A bucket contains a mixture of two liquids A & B

Here the fraction A:B changes from 5:3 to 3:5 when the 16 litres of A is replaced by 16 litres of B

If we take solution to be 5x + 3x = 8x
Initially
A = 5x
B = 3x

As total solution remains same, 16 litres is removed and 16 litres is added.
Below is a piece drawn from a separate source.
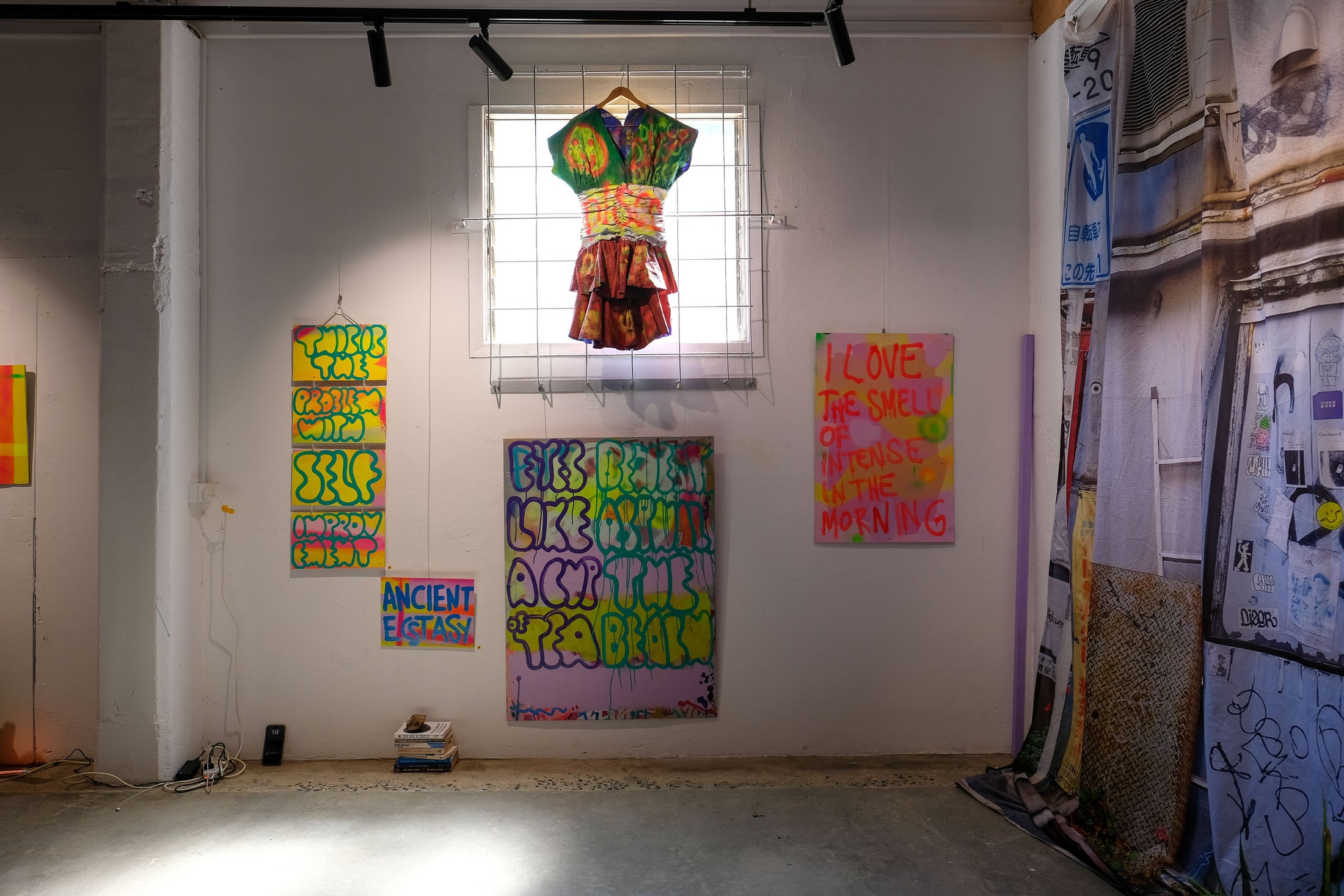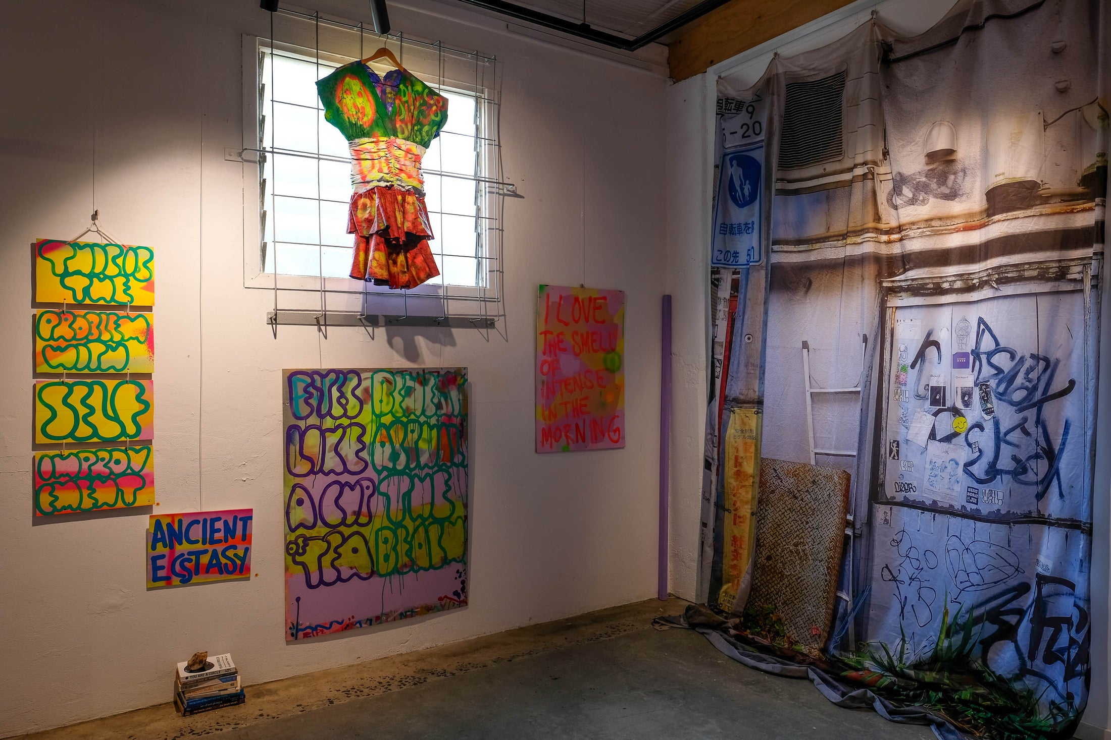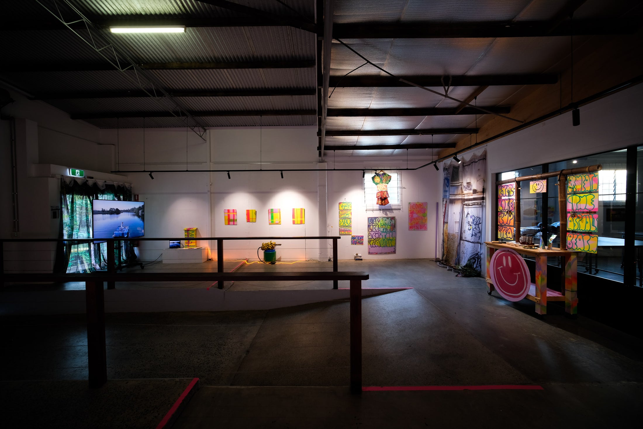 Operating at the intersection of art and cultural archaeology, I started with the question of self-improvement. I followed the LED lights from there, experimenting with new paintings, colour combos, text, tea, and speed reading 50 of the world's best self-help books.

Therefore final in solution

A' = 3x
B' = 5x

A' = A - 16
=> 5x - 16 = 3x
=> 2x = 16
=> x = 8 litres

B = 3x = 3*8 = 24 litres

So, initially 24 litres of liquid B was there in the bucket.

Answer Choice (E)

this is wrong when you back check your answer .
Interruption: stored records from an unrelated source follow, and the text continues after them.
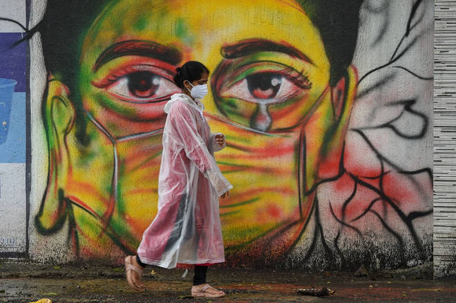 Uma pedestre vestindo uma capa de chuva passa por um mural que mostra uma mulher com uma máscara facial em Mumbai, na Índia
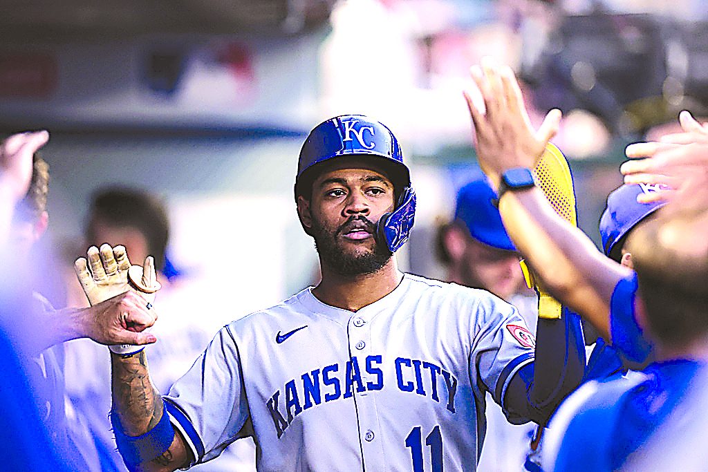 FILE - Kansas City Royals' Maikel Garcia (11) high-fives teammates after scoring a run during the first inning of a baseball game against the Los Angeles Angels Tuesday, Sept. 23, 2025, in Anaheim, Calif. (AP Photo/Eric Thayer, File)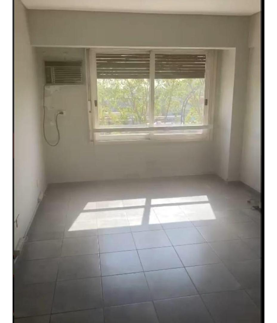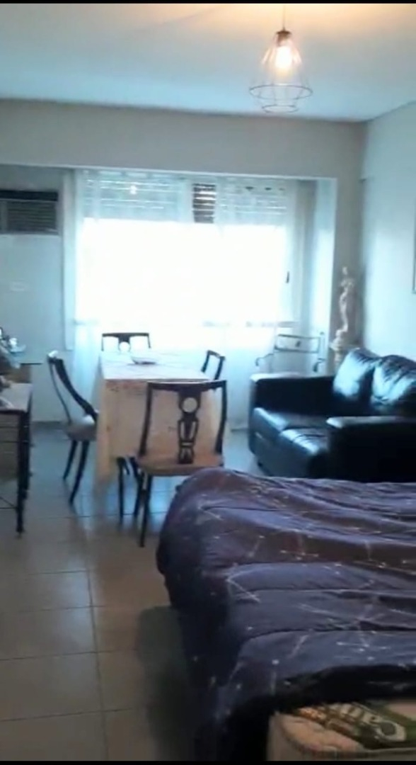 El departamento está ubicado en piso medio, tiene una linda vista al frente y se compone de un ambiente amplio con baño completo refaccionado a nuevo, con bañera y vanitory, cocina integrada también remodelada sobre el pasillo tipo kitchenette con moblaje de bajo mesada, cocina con dos hornallas y horno, campana, heladera bajo mesada y vajilla para dos personas.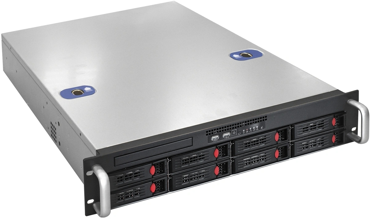 Это решение для малых ЦОДов идеально: компактный форм-фактор 2U экономит место, индикаторы состояния дисков позволяют быстро выявлять сбои. Металлический каркас и стандарт 19″ обеспечивают универсальность монтажа.
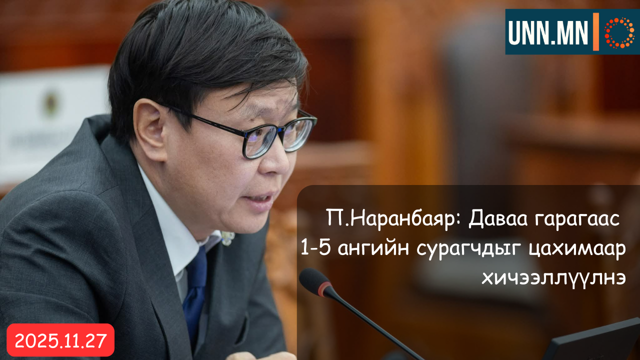 П.Наранбаяр: Ирэх долоо хоногт нийслэлийн зургаан дүүргийн 1-5 дугаар ангийн хичээл цахимд шилжинэ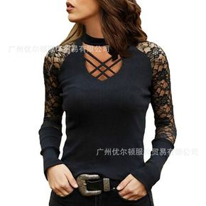 蕾丝打底衫女长袖春秋装2022新款网纱上衣大码圆领...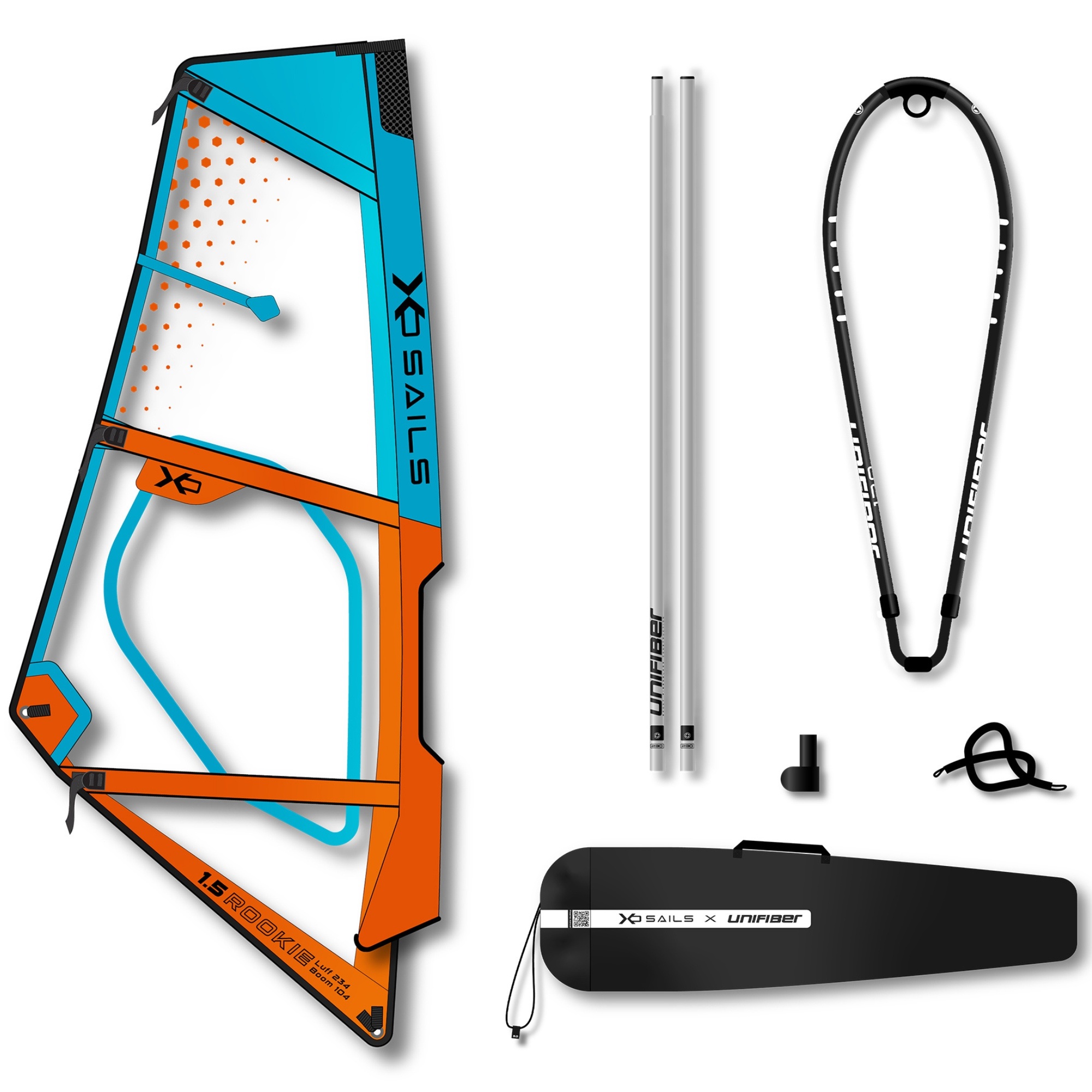 Hardware pack zawiera aluminiowy maszt, bom, podstawę masztu i fał startowy w torbie. System XO Sails x Unifiber został zaprojektowany tak, aby żagle w tym samym rozmiarze pasowały do tych samych elementów osprzętu. Ułatwia to organizację sprzętu i ewentualną wymianę pojedynczych części.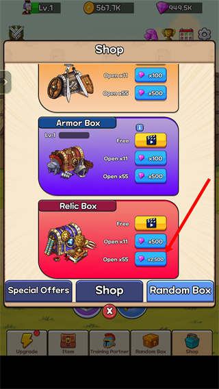 3、在【Shop】界面选择【Relic-Box】,消耗钻石开启宝箱,获取道具资源助力角斗士养成。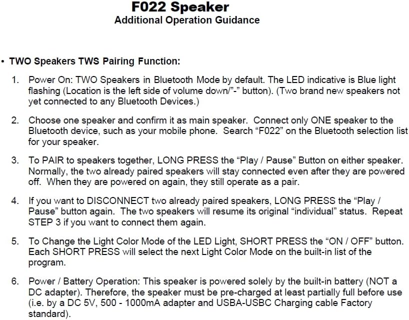 - REMARK: This speaker is powered by the battery (NOT a DC adapter). Therefore, the speaker must be pre-charged at least partially full before use (by a DC 5V, 500 - 1000mA adapter).

if initially B is 24 A must be 40.
after removal B should be 18 and A 30 .
after adding 16 litre of B , B should be 32 and A 32 which isn't a 3:5 ratio .
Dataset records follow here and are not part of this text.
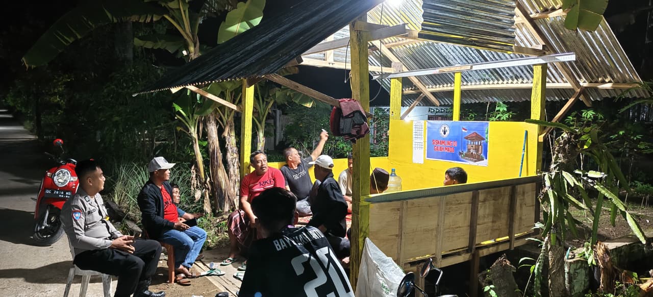 Dalam kesempatan itu, Bripka Budiono, S.H. menyampaikan pentingnya peran aktif masyarakat dalam menjaga keamanan lingkungan melalui keberadaan Satkamling sebagai bentuk sinergi antara warga dan kepolisian.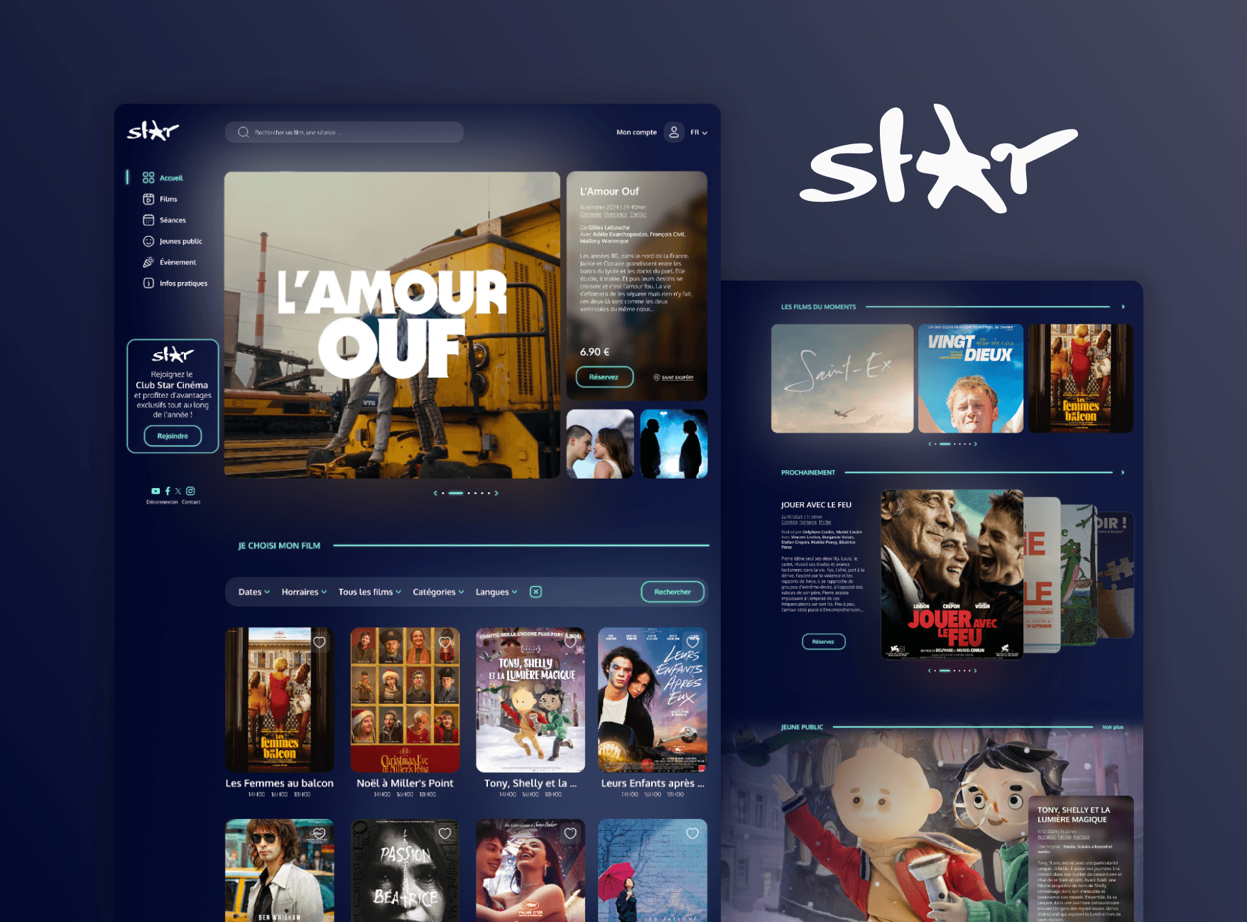 This project is a web redesign concept for Cinéma Star, an independent art-house cinema in Strasbourg, aiming to modernize its digital presence and attract a broader audience. The proposal focuses on improving usability, readability, and visual appeal while preserving the cinema’s cultural and independent identity through a contemporary interface inspired by streaming platforms.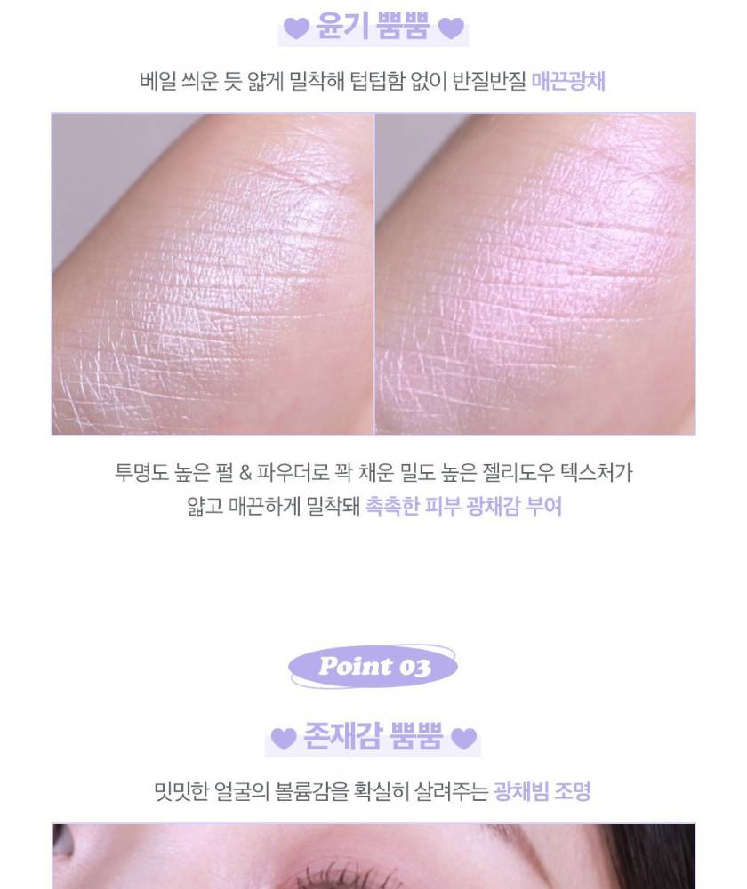 Арьсанд гэрэлтэл өгдөг ба нүүрний хэлбэрийг тодруулж,гялалзсан эффект бий болгодог. Энэ хайлайтер нь jelly-dough бүтэцтэй, арьсан дээр нимгэн давхарга үүсгэн, нарийн ширхэгт перл-гялтгануур гэрэлтэлтэй болгодог.Хөнгөн бүтэцтэй учир хатаж хуурайшдаггүй.

let x=total original mixture
3/8*(x-16)+16=5x/8
x=40
3/8*40=15
B

OA:B

Initial Amount of A: \(5x\)
Initial Amount of B: \(3x\)
Total mixture amount: A+B \(= 5x+3x = 8x\)

\(16\) Litre of this mixture is taken out

Amount of A left :\(\frac{5}{8}*(8x-16)=5x-10\)

Amount of B left :\(\frac{3}{8}*(8x-16)=3x-6\)

16 Litre of B added

Final Amount of A :\(\frac{5}{8}*(8x-16)=5x-10\)

Final Amount of B :\(\frac{3}{8}*(8x-16)+16=3x+10\)

According to the question,

\(\frac{5x-10}{3x+10} =\frac{3}{5}\)

\(25x-50=9x+30\)

\(16x=80\)

\(x=\frac{80}{16}=5\)

Initial Amount of B \(= 3x = 3*5 = 15\) Litres

chetan2u - what do you think of this question?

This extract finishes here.